Assignment:
Copy the records below exactly, leaving out every picture.

[Data records]
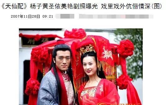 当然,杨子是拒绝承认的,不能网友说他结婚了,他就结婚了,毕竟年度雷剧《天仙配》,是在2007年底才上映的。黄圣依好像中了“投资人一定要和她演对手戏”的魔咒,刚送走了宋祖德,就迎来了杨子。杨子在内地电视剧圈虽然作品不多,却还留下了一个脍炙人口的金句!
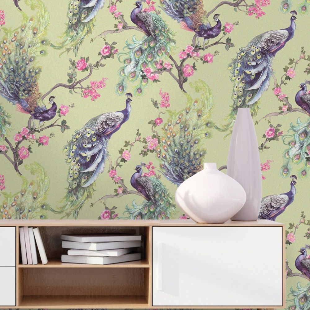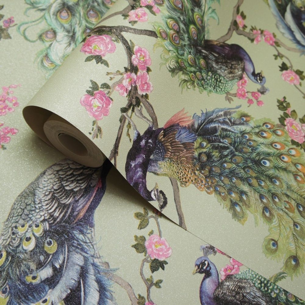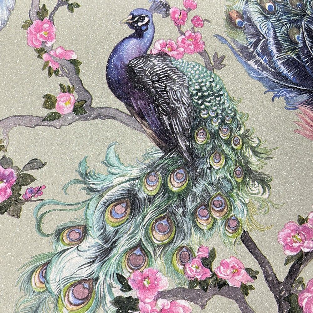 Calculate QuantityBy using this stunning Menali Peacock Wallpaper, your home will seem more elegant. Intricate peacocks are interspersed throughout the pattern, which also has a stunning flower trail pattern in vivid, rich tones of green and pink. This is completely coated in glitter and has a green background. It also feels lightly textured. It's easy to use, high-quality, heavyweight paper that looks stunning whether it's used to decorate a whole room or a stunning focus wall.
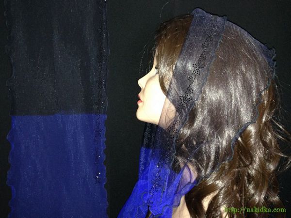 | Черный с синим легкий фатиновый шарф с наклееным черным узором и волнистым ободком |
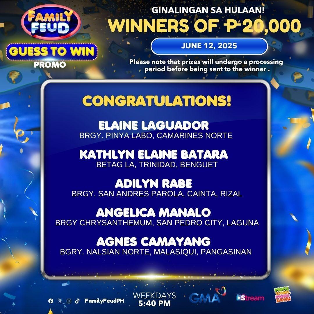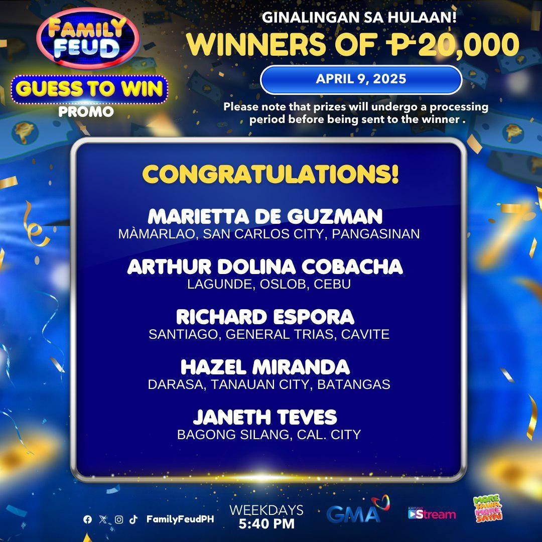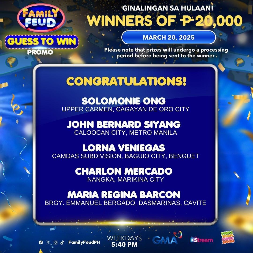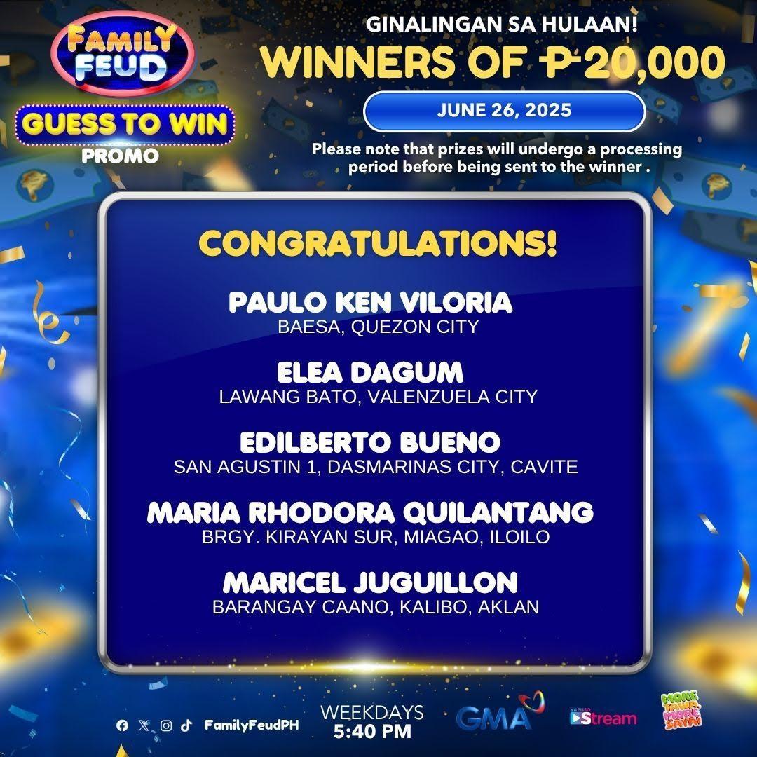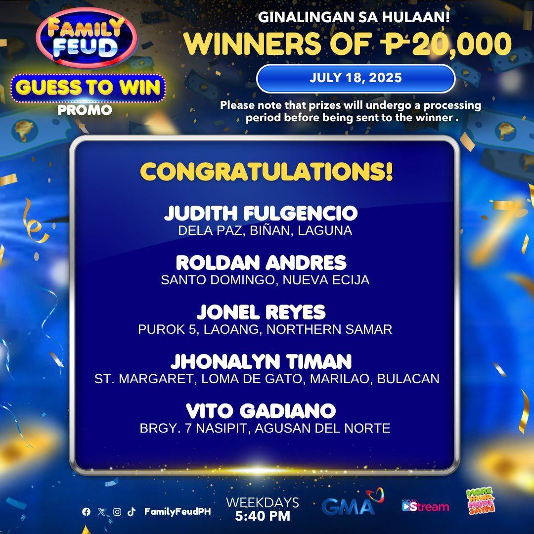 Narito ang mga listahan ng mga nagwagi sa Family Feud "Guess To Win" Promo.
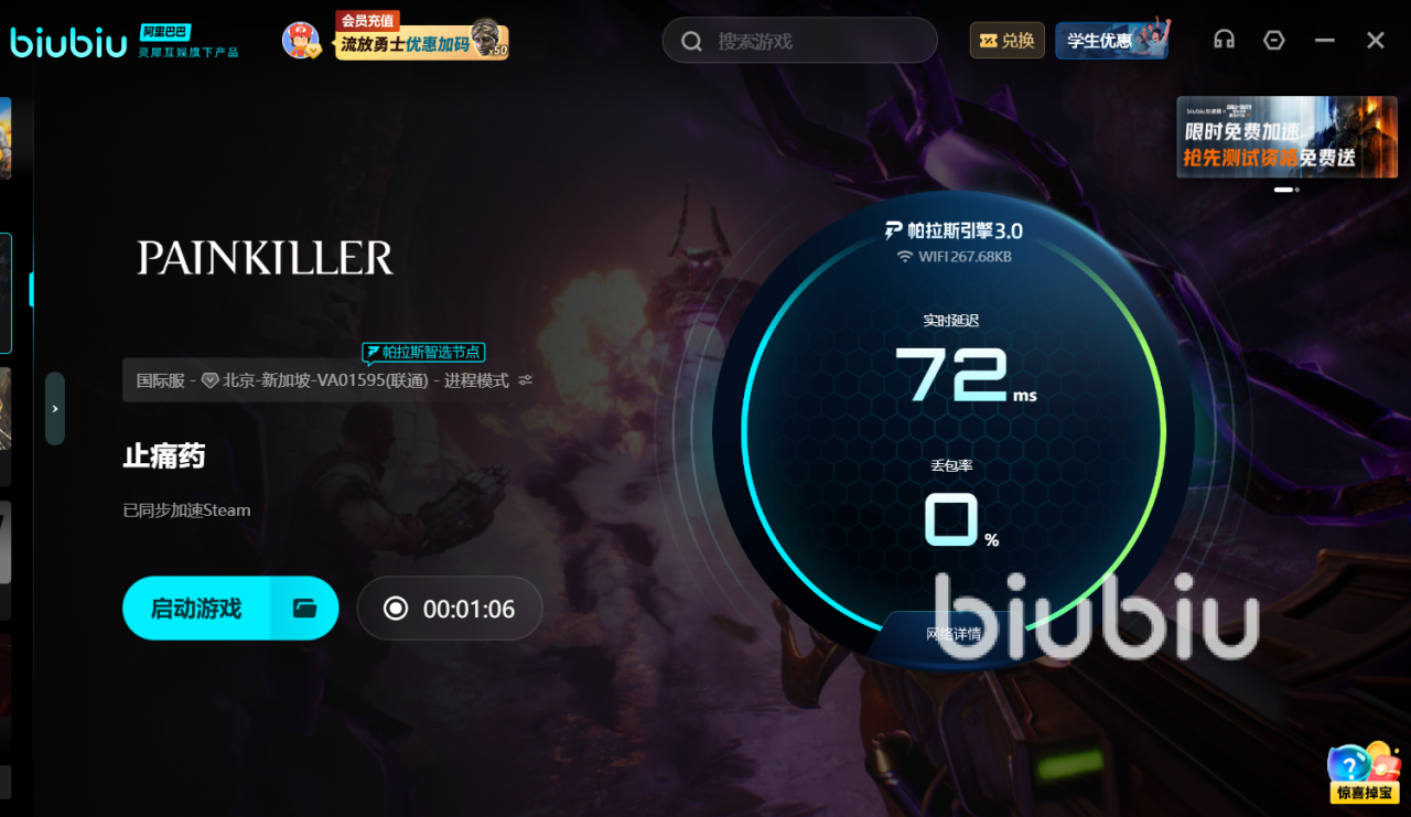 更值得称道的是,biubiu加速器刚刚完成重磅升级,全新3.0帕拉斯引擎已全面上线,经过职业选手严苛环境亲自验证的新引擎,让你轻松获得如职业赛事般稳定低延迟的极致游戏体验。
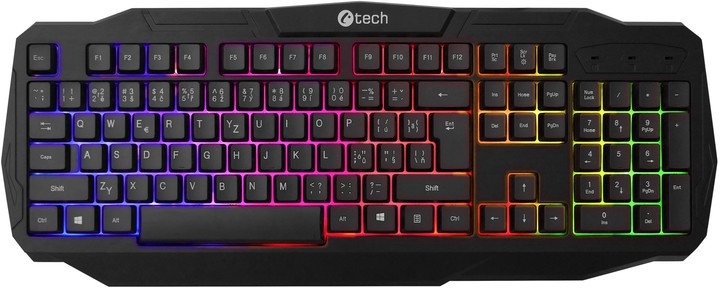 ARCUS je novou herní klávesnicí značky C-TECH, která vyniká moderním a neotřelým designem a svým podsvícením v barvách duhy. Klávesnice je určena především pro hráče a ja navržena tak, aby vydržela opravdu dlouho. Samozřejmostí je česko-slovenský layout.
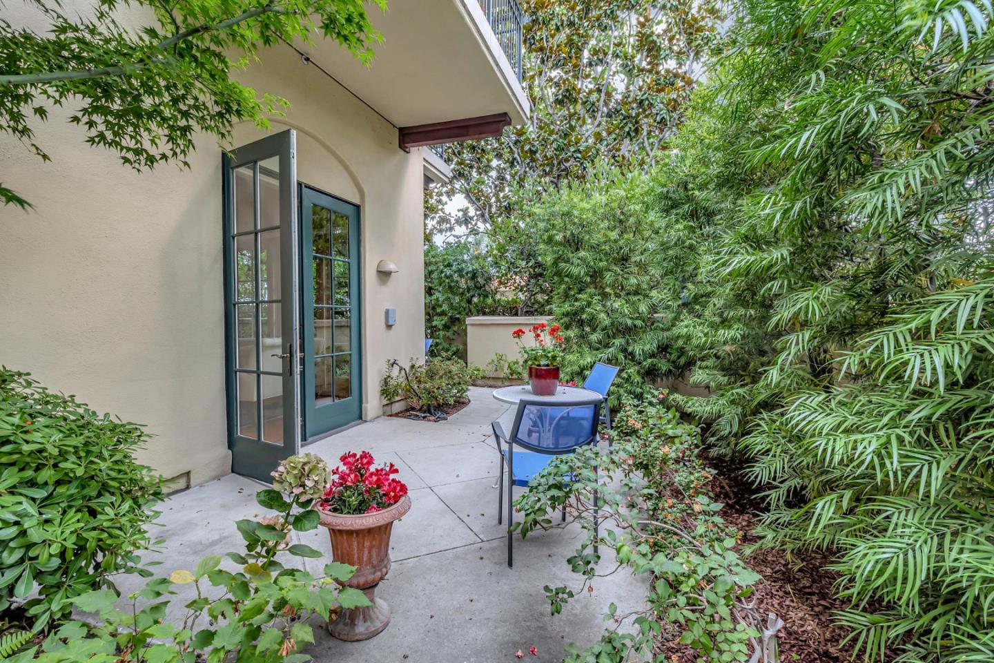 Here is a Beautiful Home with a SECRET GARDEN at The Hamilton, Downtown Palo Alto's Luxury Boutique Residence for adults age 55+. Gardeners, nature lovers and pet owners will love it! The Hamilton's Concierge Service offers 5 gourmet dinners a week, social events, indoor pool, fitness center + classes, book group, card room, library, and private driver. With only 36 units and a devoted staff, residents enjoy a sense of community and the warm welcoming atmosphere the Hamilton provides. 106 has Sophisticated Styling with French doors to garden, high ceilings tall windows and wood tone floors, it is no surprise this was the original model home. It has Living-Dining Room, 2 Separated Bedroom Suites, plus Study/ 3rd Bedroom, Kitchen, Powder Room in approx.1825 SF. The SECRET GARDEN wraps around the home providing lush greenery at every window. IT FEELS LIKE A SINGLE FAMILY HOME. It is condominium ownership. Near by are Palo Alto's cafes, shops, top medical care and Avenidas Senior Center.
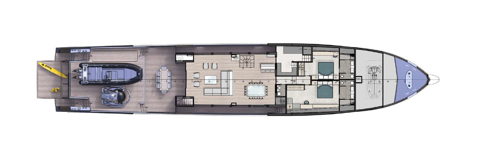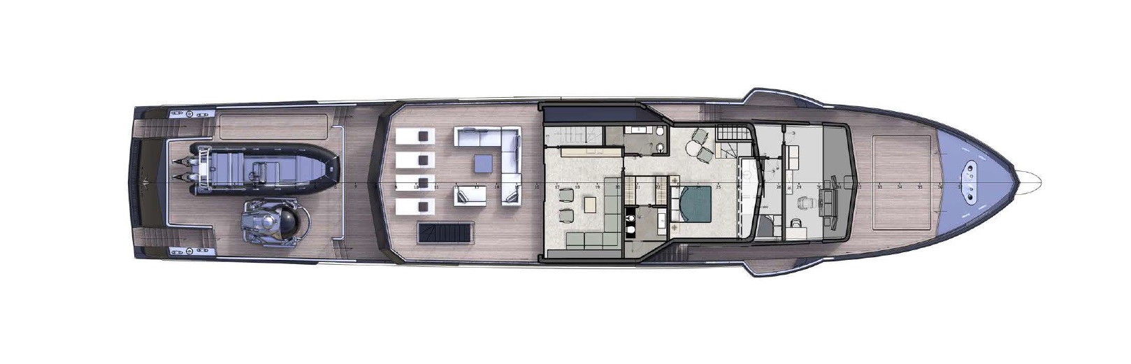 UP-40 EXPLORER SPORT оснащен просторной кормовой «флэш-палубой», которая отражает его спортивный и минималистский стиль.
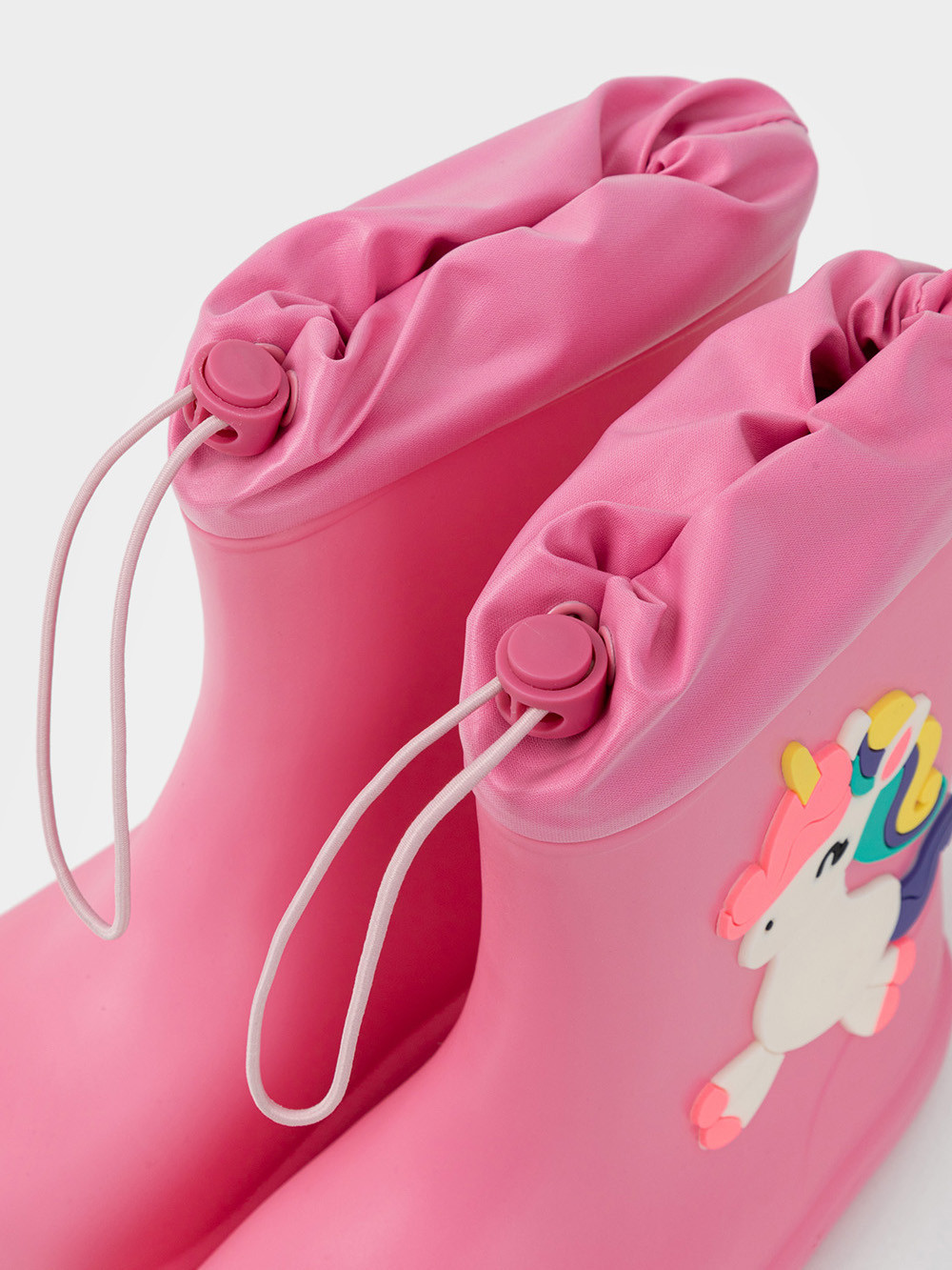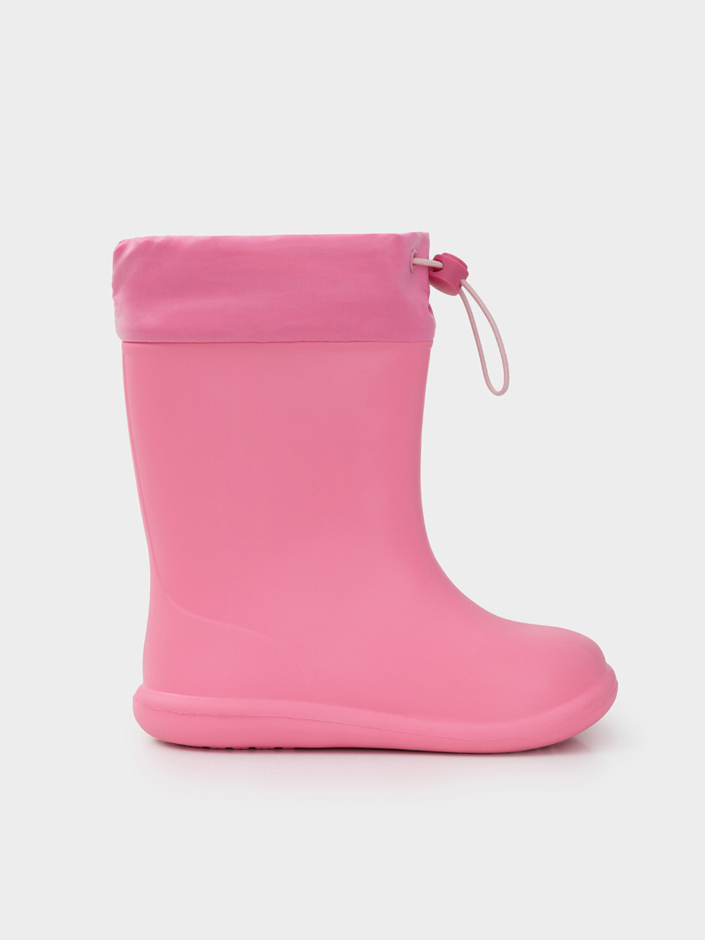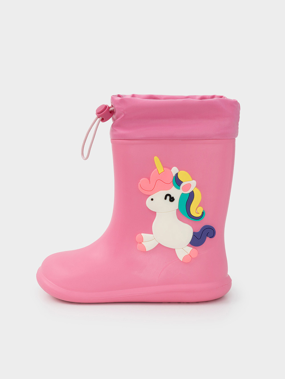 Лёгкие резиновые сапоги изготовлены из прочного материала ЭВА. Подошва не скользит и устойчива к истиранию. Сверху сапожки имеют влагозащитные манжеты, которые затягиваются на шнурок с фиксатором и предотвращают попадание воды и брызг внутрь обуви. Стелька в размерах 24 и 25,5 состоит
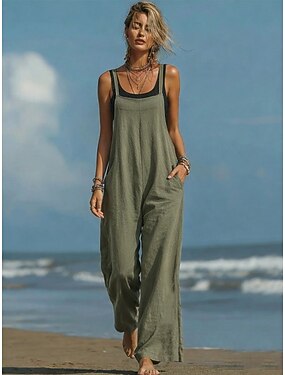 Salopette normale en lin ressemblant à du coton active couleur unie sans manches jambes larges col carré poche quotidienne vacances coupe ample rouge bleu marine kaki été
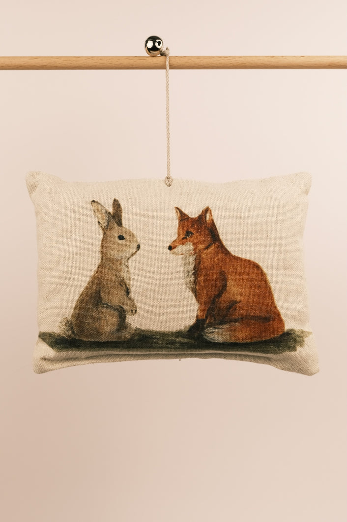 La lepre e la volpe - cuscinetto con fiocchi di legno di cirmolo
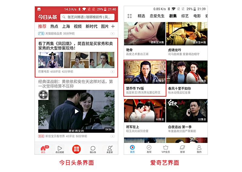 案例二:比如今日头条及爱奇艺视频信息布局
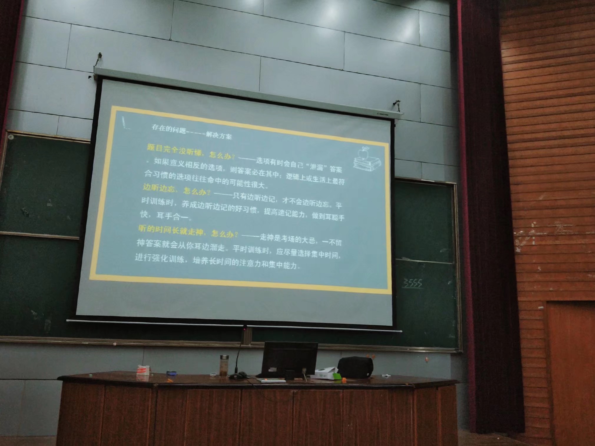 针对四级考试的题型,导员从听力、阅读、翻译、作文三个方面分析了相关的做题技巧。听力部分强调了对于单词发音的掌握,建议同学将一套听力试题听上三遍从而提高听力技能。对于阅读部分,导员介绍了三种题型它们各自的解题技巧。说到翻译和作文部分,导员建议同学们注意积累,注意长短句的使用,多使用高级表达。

Exercise solution:
 当然,杨子是拒绝承认的,不能网友说他结婚了,他就结婚了,毕竟年度雷剧《天仙配》,是在2007年底才上映的。黄圣依好像中了“投资人一定要和她演对手戏”的魔咒,刚送走了宋祖德,就迎来了杨子。杨子在内地电视剧圈虽然作品不多,却还留下了一个脍炙人口的金句!
 Calculate QuantityBy using this stunning Menali Peacock Wallpaper, your home will seem more elegant. Intricate peacocks are interspersed throughout the pattern, which also has a stunning flower trail pattern in vivid, rich tones of green and pink. This is completely coated in glitter and has a green background. It also feels lightly textured. It's easy to use, high-quality, heavyweight paper that looks stunning whether it's used to decorate a whole room or a stunning focus wall.
 | Черный с синим легкий фатиновый шарф с наклееным черным узором и волнистым ободком |
 Narito ang mga listahan ng mga nagwagi sa Family Feud "Guess To Win" Promo.
 更值得称道的是,biubiu加速器刚刚完成重磅升级,全新3.0帕拉斯引擎已全面上线,经过职业选手严苛环境亲自验证的新引擎,让你轻松获得如职业赛事般稳定低延迟的极致游戏体验。
 ARCUS je novou herní klávesnicí značky C-TECH, která vyniká moderním a neotřelým designem a svým podsvícením v barvách duhy. Klávesnice je určena především pro hráče a ja navržena tak, aby vydržela opravdu dlouho. Samozřejmostí je česko-slovenský layout.
 Here is a Beautiful Home with a SECRET GARDEN at The Hamilton, Downtown Palo Alto's Luxury Boutique Residence for adults age 55+. Gardeners, nature lovers and pet owners will love it! The Hamilton's Concierge Service offers 5 gourmet dinners a week, social events, indoor pool, fitness center + classes, book group, card room, library, and private driver. With only 36 units and a devoted staff, residents enjoy a sense of community and the warm welcoming atmosphere the Hamilton provides. 106 has Sophisticated Styling with French doors to garden, high ceilings tall windows and wood tone floors, it is no surprise this was the original model home. It has Living-Dining Room, 2 Separated Bedroom Suites, plus Study/ 3rd Bedroom, Kitchen, Powder Room in approx.1825 SF. The SECRET GARDEN wraps around the home providing lush greenery at every window. IT FEELS LIKE A SINGLE FAMILY HOME. It is condominium ownership. Near by are Palo Alto's cafes, shops, top medical care and Avenidas Senior Center.
 UP-40 EXPLORER SPORT оснащен просторной кормовой «флэш-палубой», которая отражает его спортивный и минималистский стиль.
 Лёгкие резиновые сапоги изготовлены из прочного материала ЭВА. Подошва не скользит и устойчива к истиранию. Сверху сапожки имеют влагозащитные манжеты, которые затягиваются на шнурок с фиксатором и предотвращают попадание воды и брызг внутрь обуви. Стелька в размерах 24 и 25,5 состоит
 Salopette normale en lin ressemblant à du coton active couleur unie sans manches jambes larges col carré poche quotidienne vacances coupe ample rouge bleu marine kaki été
 La lepre e la volpe - cuscinetto con fiocchi di legno di cirmolo
 案例二:比如今日头条及爱奇艺视频信息布局
 针对四级考试的题型,导员从听力、阅读、翻译、作文三个方面分析了相关的做题技巧。听力部分强调了对于单词发音的掌握,建议同学将一套听力试题听上三遍从而提高听力技能。对于阅读部分,导员介绍了三种题型它们各自的解题技巧。说到翻译和作文部分,导员建议同学们注意积累,注意长短句的使用,多使用高级表达。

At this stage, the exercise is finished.